Supplied information Start Marker

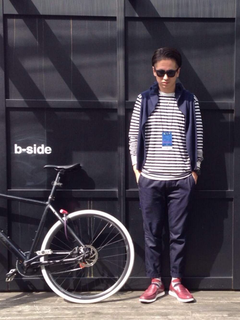 ボーダーロンT、チノパン:DENIM BY VANQUISH & FRAGMENT サングラス:TOM FORD 靴:Cole haan
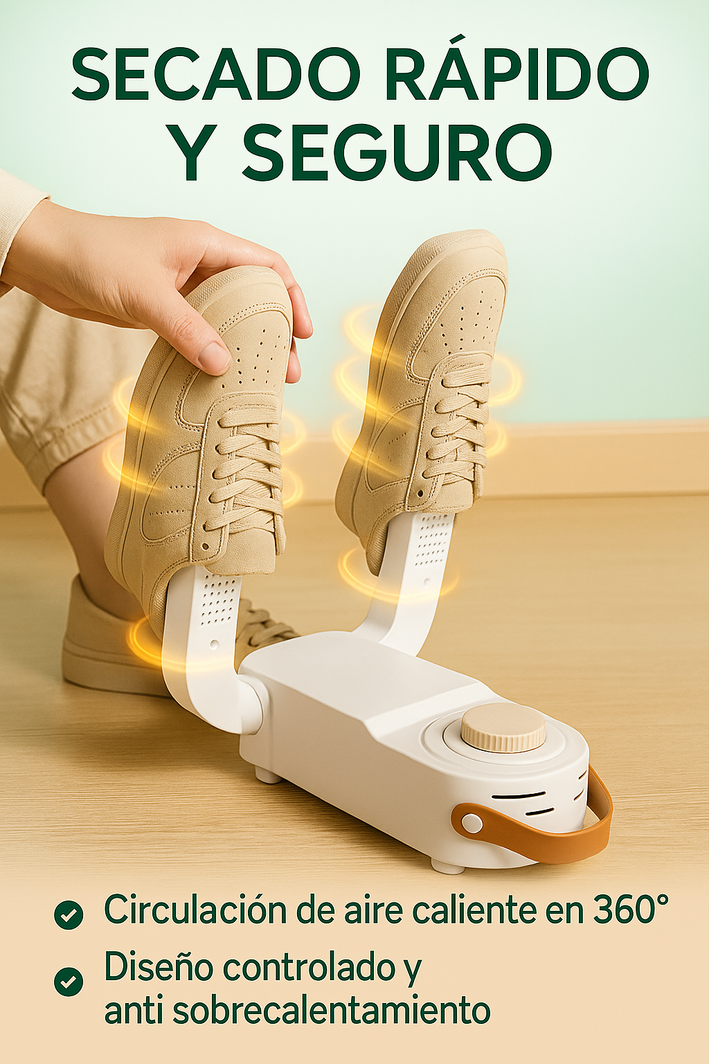 ⏱️Secado 360° – Aire caliente circula por todo el interior del zapato.
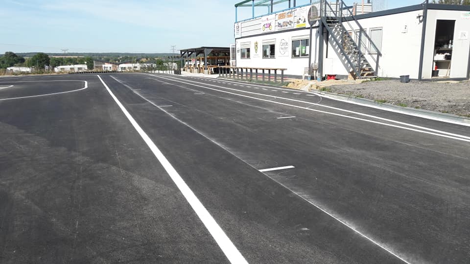 Après la construction de notre circuit bitume place à la peinture des bandes qui vient d'être faite. La prochaine étape sera les intérieurs en rouge. En attendent nous continuons les travaux qu'il y a faire tout au tour de la piste.
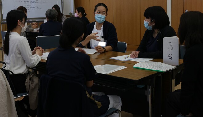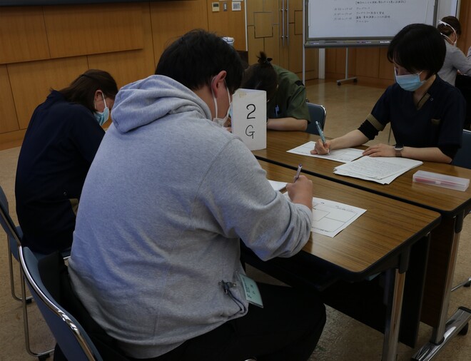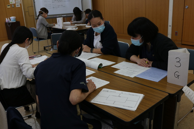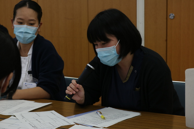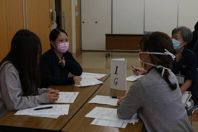 それぞれ部署が違う職員が集まり、自分の看護実践を振り返るとともに他者の体験や感情を聞くことができるよう工夫されていました。

Supplied information End Marker

> [Task]: The full listing must come back exactly as written, with its pictures left out.

> [Answer for the task]:
 ボーダーロンT、チノパン:DENIM BY VANQUISH & FRAGMENT サングラス:TOM FORD 靴:Cole haan
 ⏱️Secado 360° – Aire caliente circula por todo el interior del zapato.
 Après la construction de notre circuit bitume place à la peinture des bandes qui vient d'être faite. La prochaine étape sera les intérieurs en rouge. En attendent nous continuons les travaux qu'il y a faire tout au tour de la piste.
 それぞれ部署が違う職員が集まり、自分の看護実践を振り返るとともに他者の体験や感情を聞くことができるよう工夫されていました。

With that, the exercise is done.